The model user may change the meteorological data utilized in the model. The evaporation data must be in monthly form. It may be put into the sheet as either monthly pan evaporation (gray shaded column) with a pan factor or monthly potential evaporation (orange shaded column). The precipitation data is limited to a maximum of 5 years of data and can be put in to the worksheet in two or three columns (gray shaded columns): first for date, second for precipitation in inches, and third for precipitation in centimeters. Depending on the units of the user’s precipitation data, precipitation data can be added as inches or as centimeters in the appropriate columns. However, the model uses the column in centimeters to run.

Note: The user’s meteorological data must replace the existing data in the color shaded columns. Changing other data may cause errors in the operation of the model.

Model Operation: FIELD 1, FIELD 2, FIELD 3 WORKSHEETS

For a full description of the development of the model and how it operates, please see the publication: A.S. Collick, Z.M. Easton, F.A. Montalto, B Gao, Y.J. Kim, L. Day, and T.S. Steenhuis. Hydrological Evaluation of Septic Disposal Field Design in Sloping Terrains, 2006. Journal of Environmental Engineering 132: 1289-1297.

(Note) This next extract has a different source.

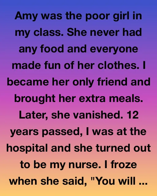 I couldn’t believe what I was hearing. Amy, the girl who wore oversized shoes and never brought lunch, was now a nurse—confident, calm, and kind.

The parameters of each of the fields and the meteorological data used in the model can be found in the first worksheet titled “Parameters”. All changes or modifications can be made from this worksheet and the resulting failure tallies can be viewed. The water table heights for each of the fields are viewed on the worksheet entitled “Water Table Output”.

Each field’s worksheet is set up approximately the same. However, in Fields 2 and 3 the downward flow from the root zone includes the outflow from the adjacent upslope fields. Furthermore, Field 2 includes the addition of the wastewater from the septic tank to the soil moisture from the root zone and the outflow from Field 1.

The water table height is determined simultaneously in 3 columns depending on precipitation, evaporation, field characteristics, and existing soil moisture conditions. The column marked “Final Water Table Height” is the height that is copied to the worksheet entitled “Water Table Output” and graphed to the accompanying graphic of “Water Table”.